CORRECTION: The number of homicides and nonfatal shootings in Baltimore this year is down compared to this time last year. The story was incorrect on this point.
Late Saturday morning, patrol officers from the Baltimore Police Department’s Western District heard shots near West Lanvale Street and Wheeler Avenue, less than a mile from the district station. They soon found a 23-year-old man who had survived a gunshot wound. It marked the 532nd non-fatal shooting in the city this year.
About that time, two miles away, in a parking lot next to the State Center, some Baltimoreans were attempting to do something about gun violence in the city.
A few thousand people, many of them teenagers, convened for a day of solidarity led by We Our Us, a movement of men in Baltimore whose stated mission is to serve, using its words, as connectors, protectors, mediators and messengers, and to mobilize young men in particular to reduce conflict and increase prosperity.
Nonprofit organizations, churches, educators and politicians gathered on a windy, cloudy afternoon for food, music, speeches and a short peace march led by a drum corps and dancers, followed by King Teasdell, who carried a sign that read “Respect Cancels Regret,” inspired, he said, by a fatal police shooting in 2006.
“If both sides understood the need for respect, the shooting wouldn’t have happened,” Teasdell said.
Outreach groups such as the Nolita Project set up tents and tables around the perimeter of the parking lot, offering assistance for the things that generally move people ahead in life: education, employment, faith, nutrition, community and mental health.
The mayor’s office parked his Peace Mobile nearby.
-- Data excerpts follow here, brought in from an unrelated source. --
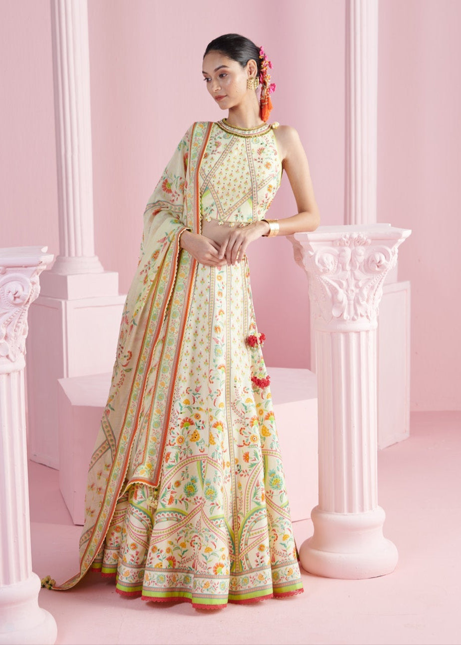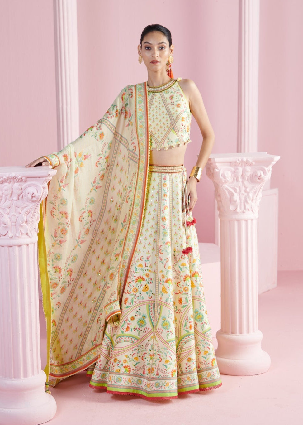 Lemon Blossom Top with Lehenga and Printed Dupatta
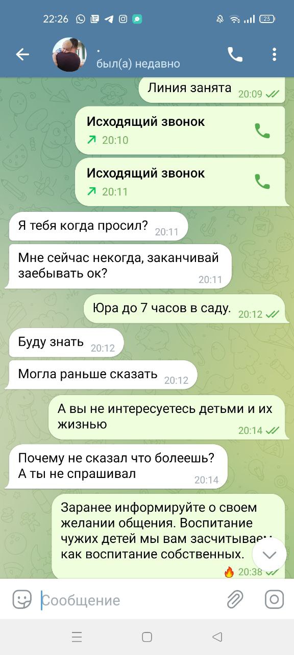 Кать, прям как у нас было! Просто вот как к себе домой, без предварительного звонка, тупо в домофон пиликает. Вообще посрать на график ребёнка. Знает, что мою ее в 20.00, пишет, что задерживается, просит подождать, типа приеду тоже помыть, по итогу, в районе 21.00 появляется… я пару раз так ахуела , потом плюнула, перестала слушать его. Попросили погулять - опоздает минут на 20-30, а это с мелким ребёнком огромное время. Посидеть с ней - через 30 мин заебывает смс, скоро ли я …
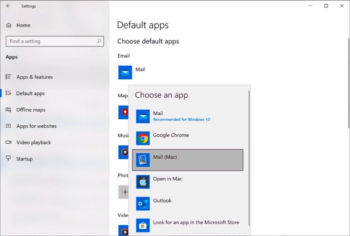 In Windows 10 or earlier, to set all emails that you open in Windows to always open in macOS, do the following:
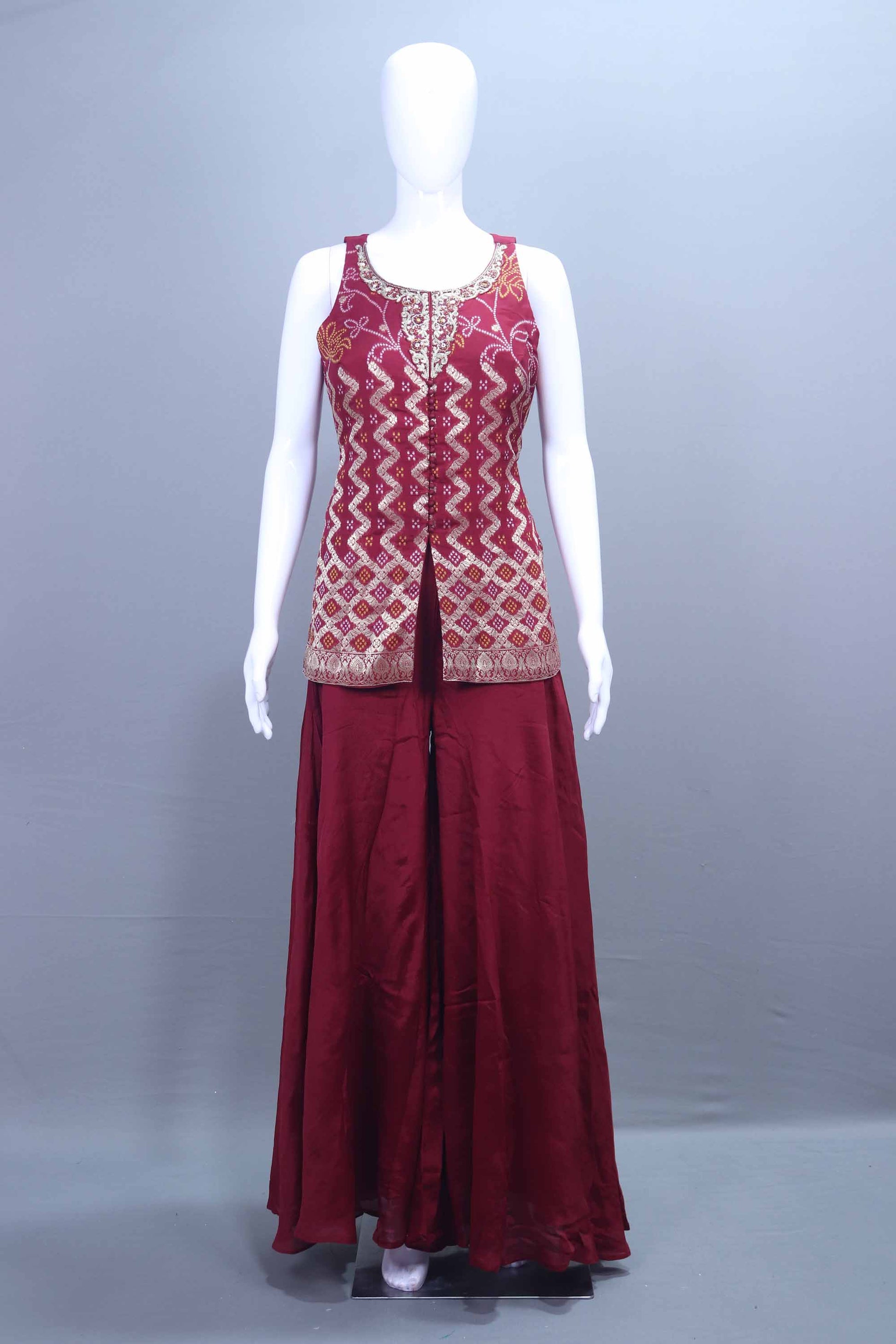 Maroon Embroidered Sleeveless Kurti with Flared Sharara Pants
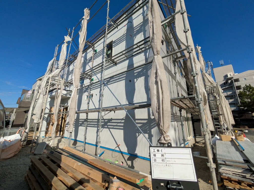 1/9 茜部分譲住宅 サイディング工事完了
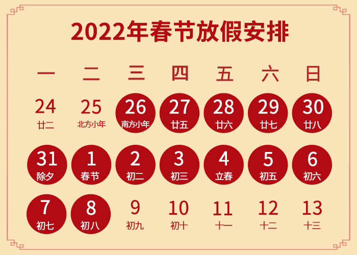 1月26日(臘月二十廿四)至2月8日(正月初八)放假調(diào)休,共14天,2月9日(正月初九)恢復(fù)正常上班。如有任何問(wèn)題,請(qǐng)及時(shí)與對(duì)接業(yè)務(wù)員聯(lián)系。
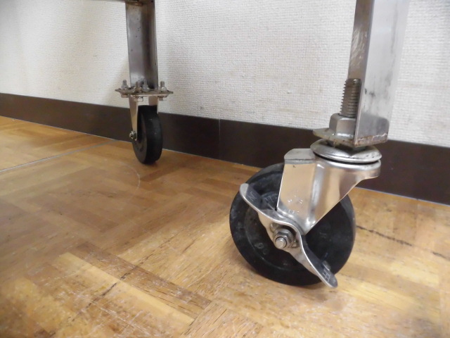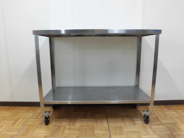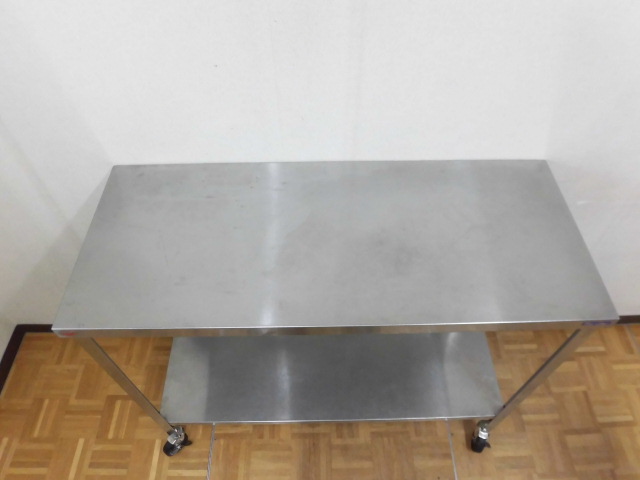 中古厨房 業務用 マルゼン ステンレス キャスター付 作業台 (4) W1200×D500×H1000mm ストッパー 調理場 店舗 飲食店 板金
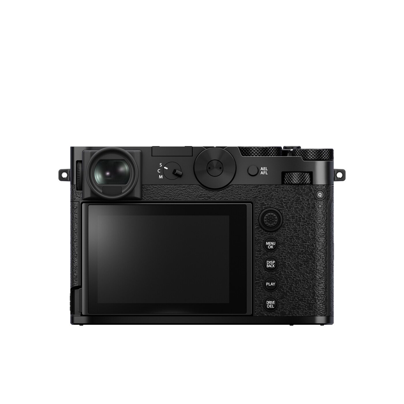 GFX100RF er udstyret med en højopløst elektronisk søger (5,76 millioner punkter) med en forstørringsgrad på (0,84). Søgeren har en høj opdateringshastighed for at kunne følge med hurtige motiver i bevægelse, har bedre udsyn og mindre distortion når øjet forskydes foran søgeren. Kameraet har vinklingsbar LCD-skærm på 3,15 tommer med en opløsning på 2,1 millioner punkter og et nyt udsnit der bedre rummer de digitale symboler og ikoner der kan ses og vælges til på skærmen for at matche skærmens 3:2 billedudsnit.
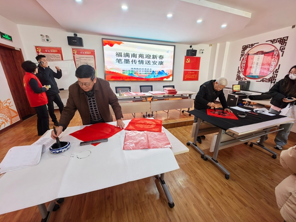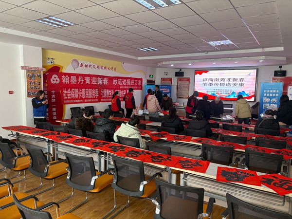 千门万户曈曈日,总把新桃换旧符。“福”代表幸福,寄托了人们对美好生活的向往,而写春联、贴春联是中华民族上千年来流传下来的象征吉祥、表达人们向往美好生活的传统活动。据了解,本次活动共向居民赠送100多幅春联,飘满墨香的春联、福字既展现了传统文化的魅力,传播了书法之美,也蕴含着国泰民安、家和万事兴的美好愿景。
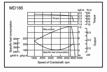 Kompakt pålidelig luftkølet dieselmotor med direkte indsprøjtning og effektivt luftrensningssystem. Motoren er udstyret med brændstoftank og manuel start. For dimensionsdata, se fig. nr. 2. Udgående aksel vandret og konisk se billede nr. 4 med dimensionsoplysninger på akseltap.
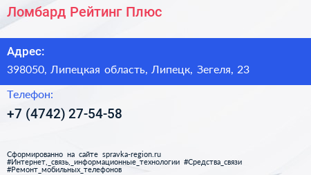 Ломбард Рейтинг Плюс по адресу 398050, Липецкая область, Липецк, Зегеля, 23 в дальнейшем Организация, размещена в следующих категориях:
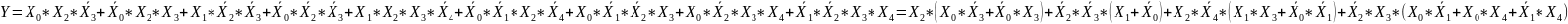 Произведем группировку слагаемых, чтобы избавиться от конъюнкции 4-х переменных:
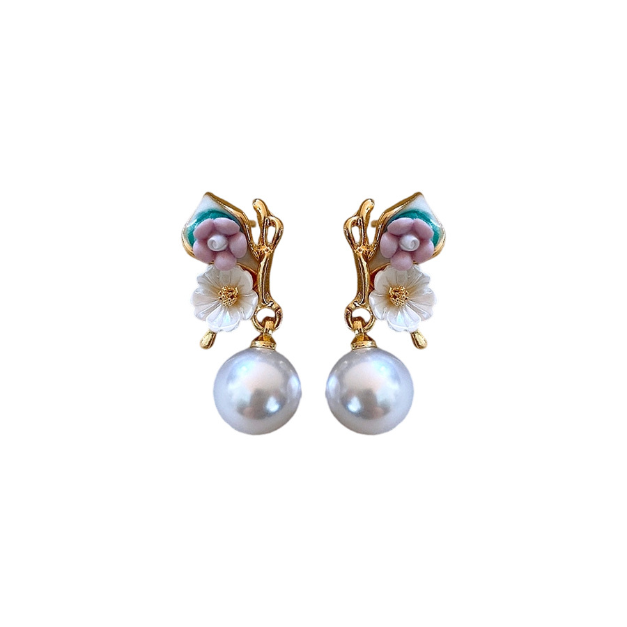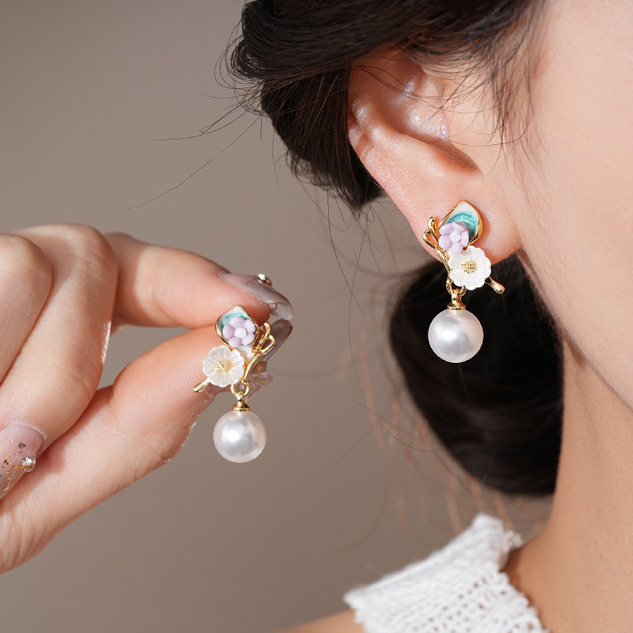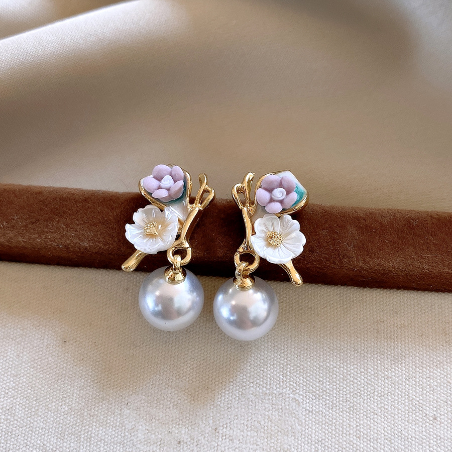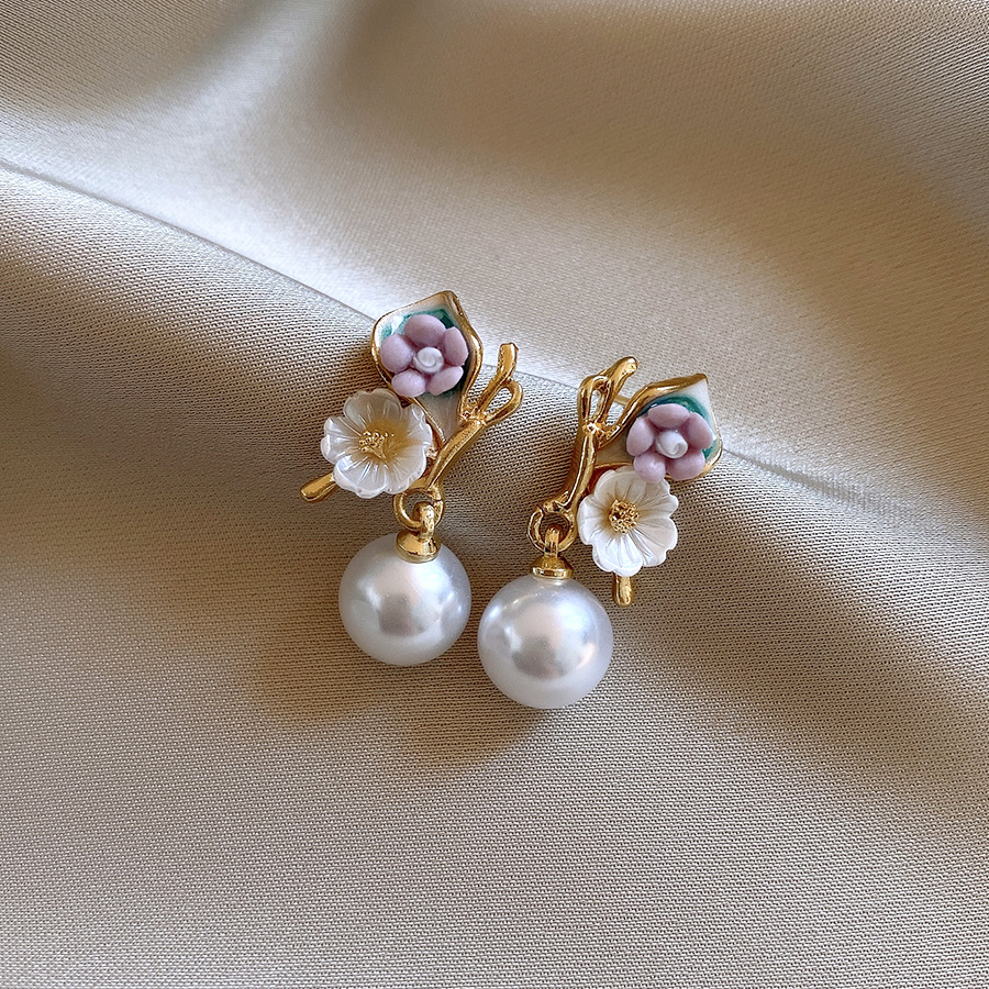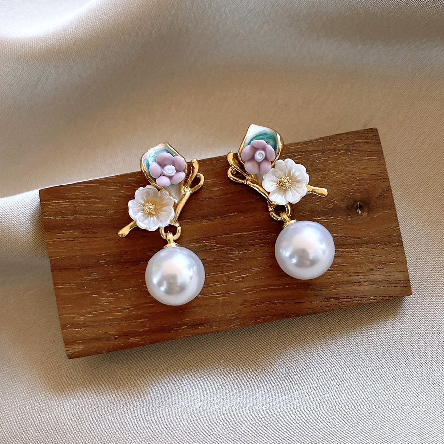 银针小清新甜美花朵珍珠耳环法式复古气质耳钉轻奢高级感耳饰批发

Mayor Brandon Scott, one of the day’s speakers, led call and response chants of:
“We all we got!”
“We all we need!”
But the mantra of the day, shouted regularly from the stage, was “peace in the city!”
One of the first speakers of the afternoon was activist and musician Young Elder, who is a senior at Coppin State University studying social work. She spoke about how gun violence leads to hopelessness among young Baltimoreans.
“We have to offer them a better option [than violence],” she said. “It’s not enough to say you need to get help; we have to bring the help to them.”
Elijah Miles, the chairman of the Tendea Family organization, spoke about a “counterfeit manhood” manufactured by popular culture and an environment of despair, and he challenged the crowd to rewrite the terms of what it means to be a true man, “not a killer, a robber or a drug dealer” but “a protector.”
“Your neighborhood needs you,” he said. Baltimore City Councilman Zeke Cohen made the rounds in the parking lot, wearing a green hooded sweatshirt of the We Our Us movement.
“This is what it’s going to take,” Cohen said of the show of solidarity and community. “Just as a dad, it’s affirming to see everyone coming together to work together. This is what a united Baltimore looks like.”
By Friday morning, the Baltimore Police Department had recorded 222 homicides in the city this year, a number far below the 271 killings the city had recorded at this point last year. Similarly, the number of nonfatal shootings this year is lower than at this point last year.